- Activity: Quote the data exactly, first line to the line containing "韓國部分媒體也配合極右翼團體", with no pictures.

Source records:
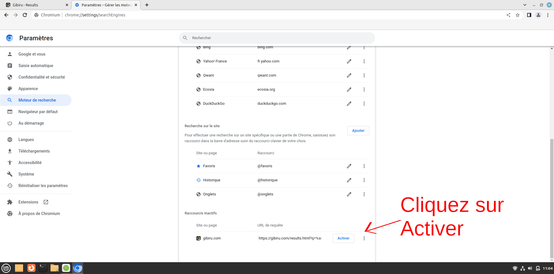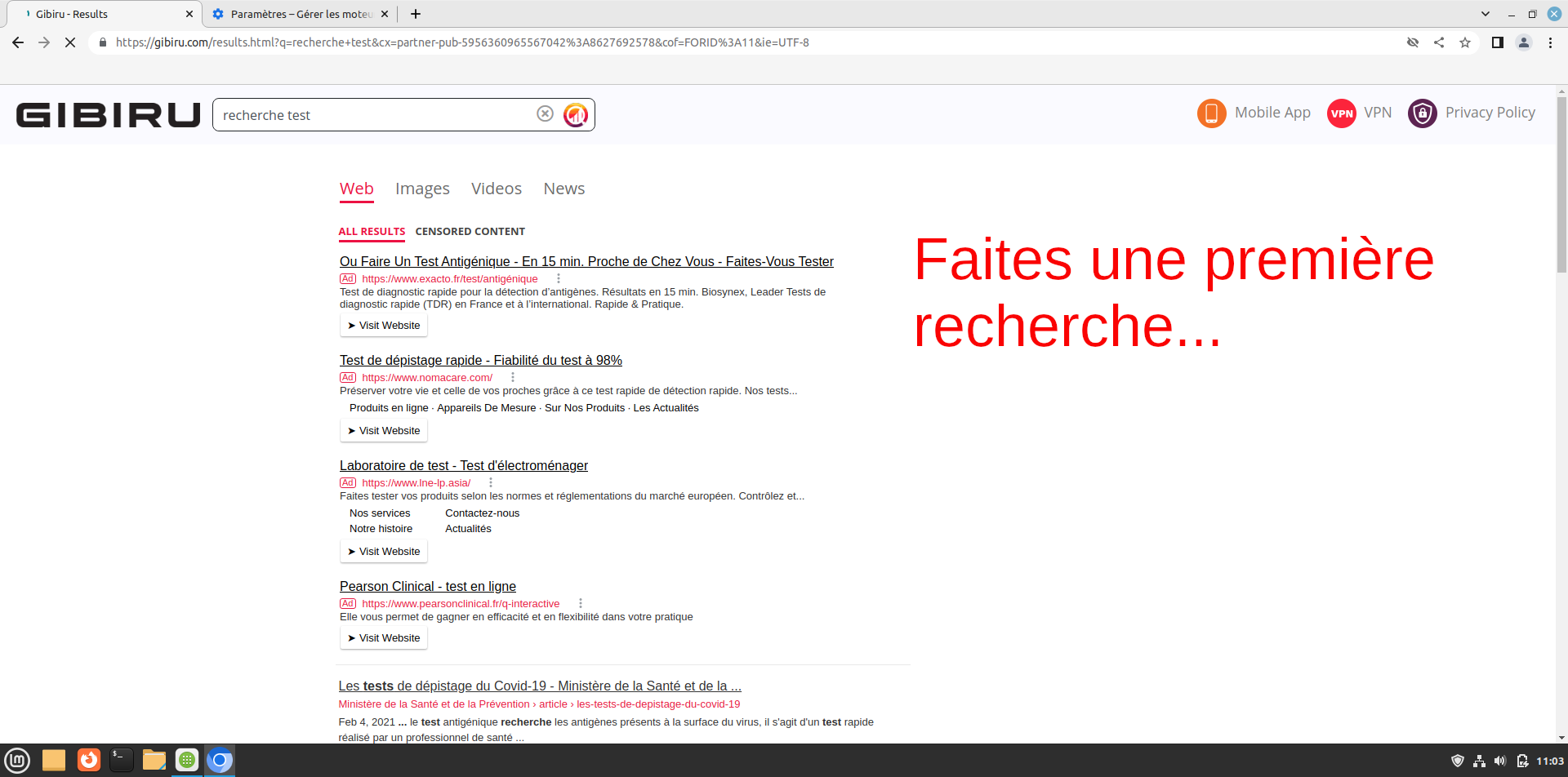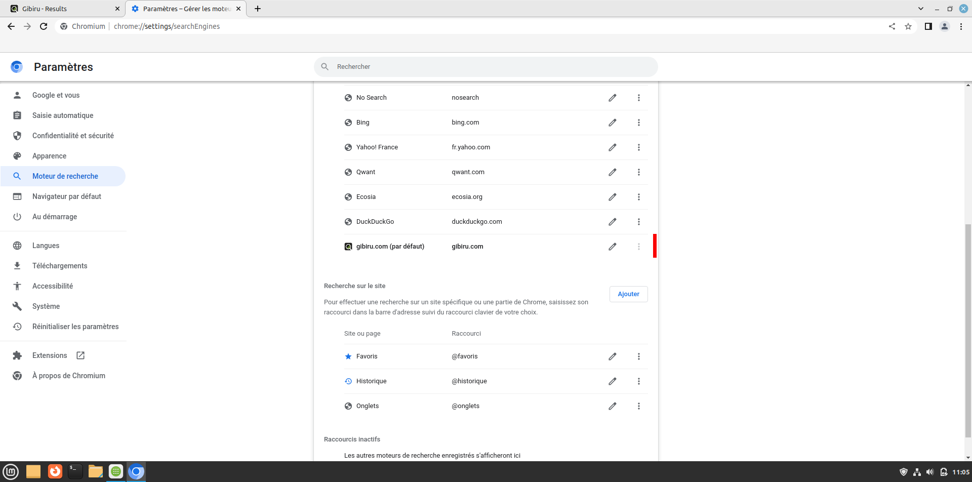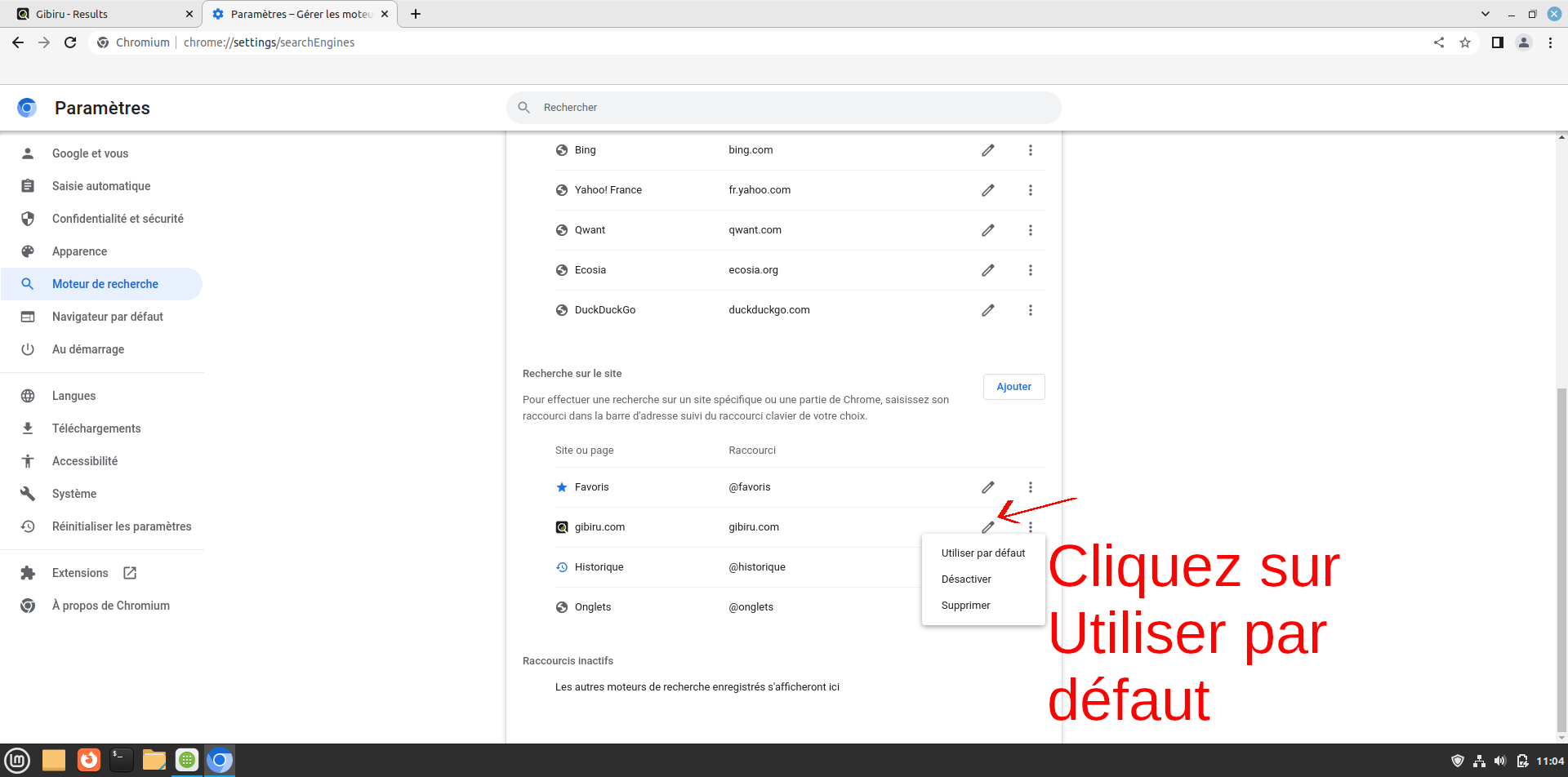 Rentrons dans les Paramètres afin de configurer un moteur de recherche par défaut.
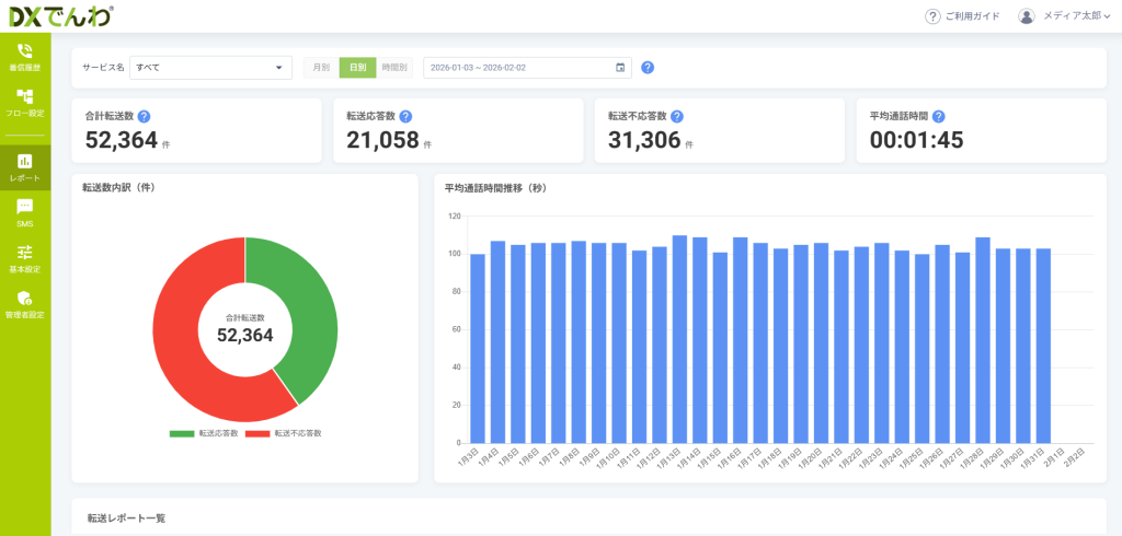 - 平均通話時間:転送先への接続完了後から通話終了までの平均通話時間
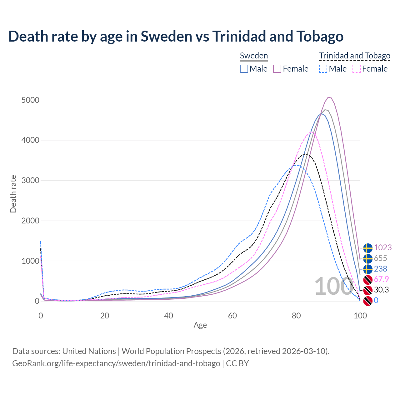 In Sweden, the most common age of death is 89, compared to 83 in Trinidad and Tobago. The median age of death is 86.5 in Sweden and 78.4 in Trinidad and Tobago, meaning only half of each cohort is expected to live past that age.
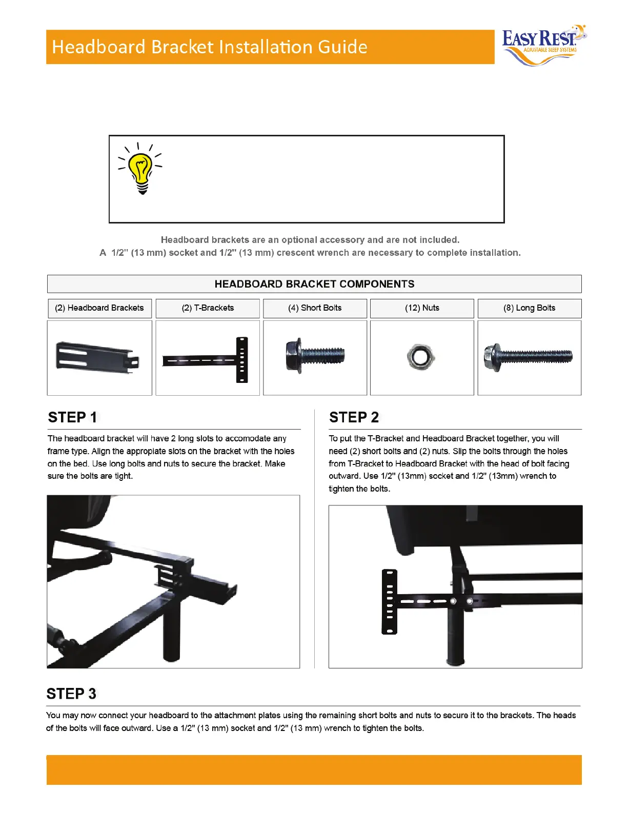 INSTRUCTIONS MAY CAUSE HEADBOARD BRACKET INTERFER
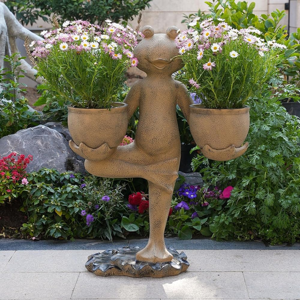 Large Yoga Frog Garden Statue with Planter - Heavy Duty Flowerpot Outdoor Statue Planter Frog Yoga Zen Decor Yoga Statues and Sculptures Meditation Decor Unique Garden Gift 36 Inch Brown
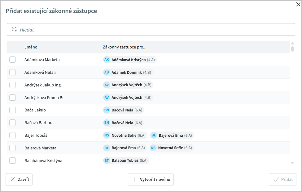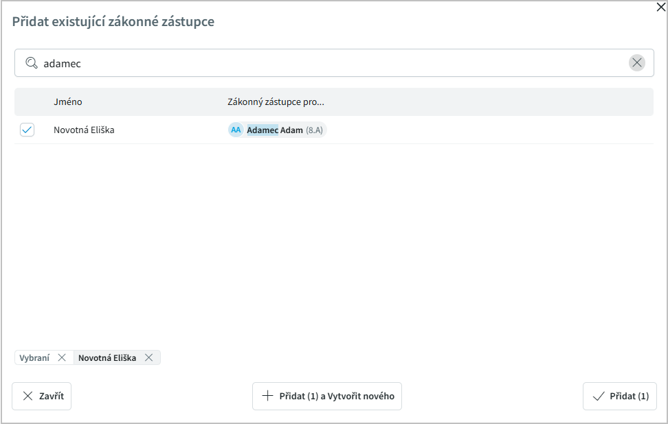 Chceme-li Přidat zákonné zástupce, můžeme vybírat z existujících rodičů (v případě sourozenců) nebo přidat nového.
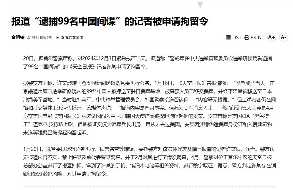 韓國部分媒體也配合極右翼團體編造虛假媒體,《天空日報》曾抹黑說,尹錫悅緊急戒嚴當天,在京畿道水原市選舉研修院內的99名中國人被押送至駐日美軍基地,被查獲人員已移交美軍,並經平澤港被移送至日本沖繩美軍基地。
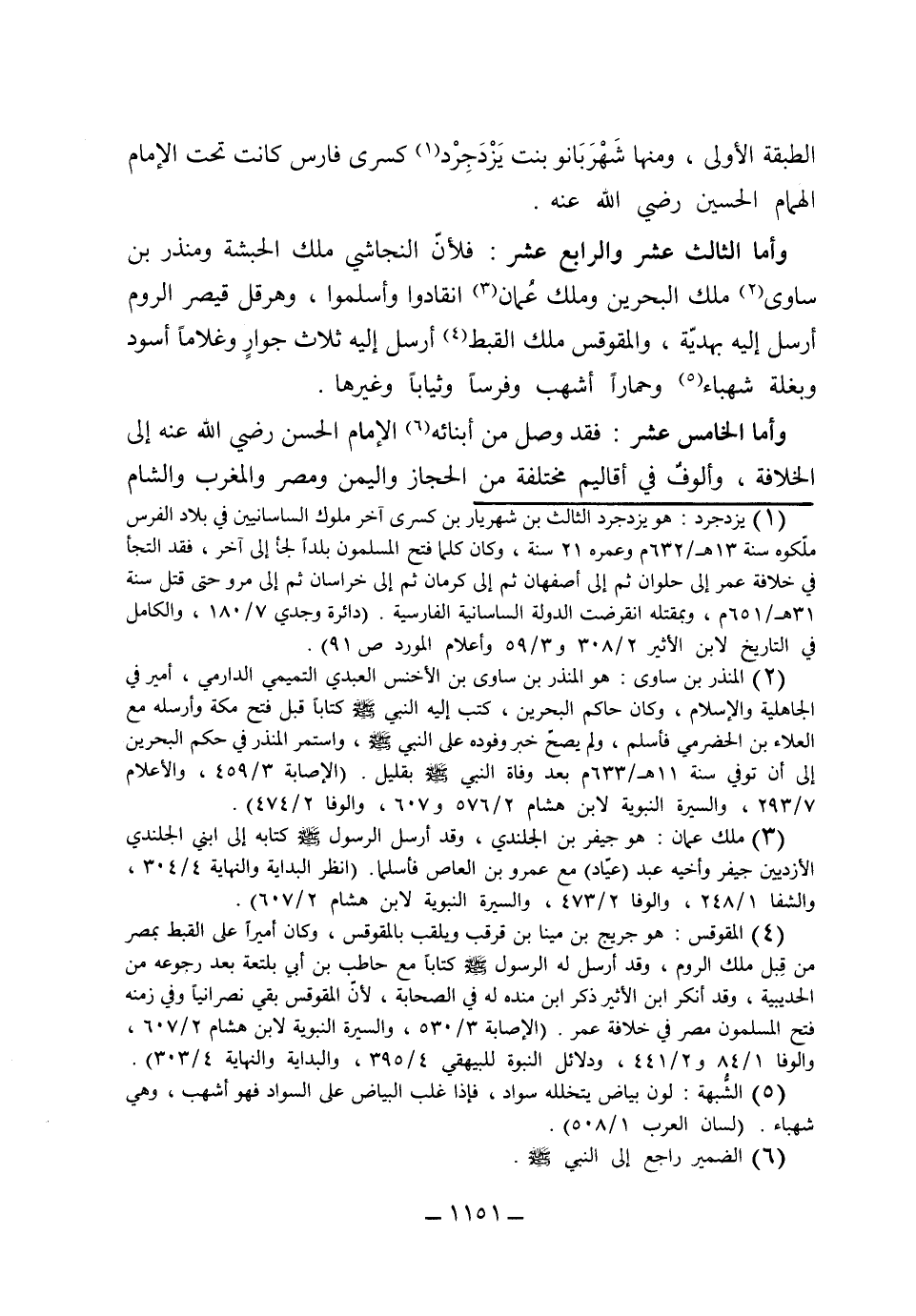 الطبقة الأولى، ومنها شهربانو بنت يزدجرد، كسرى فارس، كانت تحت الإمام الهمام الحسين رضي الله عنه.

- Written response:
 Rentrons dans les Paramètres afin de configurer un moteur de recherche par défaut.
 - 平均通話時間:転送先への接続完了後から通話終了までの平均通話時間
 In Sweden, the most common age of death is 89, compared to 83 in Trinidad and Tobago. The median age of death is 86.5 in Sweden and 78.4 in Trinidad and Tobago, meaning only half of each cohort is expected to live past that age.
 INSTRUCTIONS MAY CAUSE HEADBOARD BRACKET INTERFER
 Large Yoga Frog Garden Statue with Planter - Heavy Duty Flowerpot Outdoor Statue Planter Frog Yoga Zen Decor Yoga Statues and Sculptures Meditation Decor Unique Garden Gift 36 Inch Brown
 Chceme-li Přidat zákonné zástupce, můžeme vybírat z existujících rodičů (v případě sourozenců) nebo přidat nového.
 韓國部分媒體也配合極右翼團體編造虛假媒體,《天空日報》曾抹黑說,尹錫悅緊急戒嚴當天,在京畿道水原市選舉研修院內的99名中國人被押送至駐日美軍基地,被查獲人員已移交美軍,並經平澤港被移送至日本沖繩美軍基地。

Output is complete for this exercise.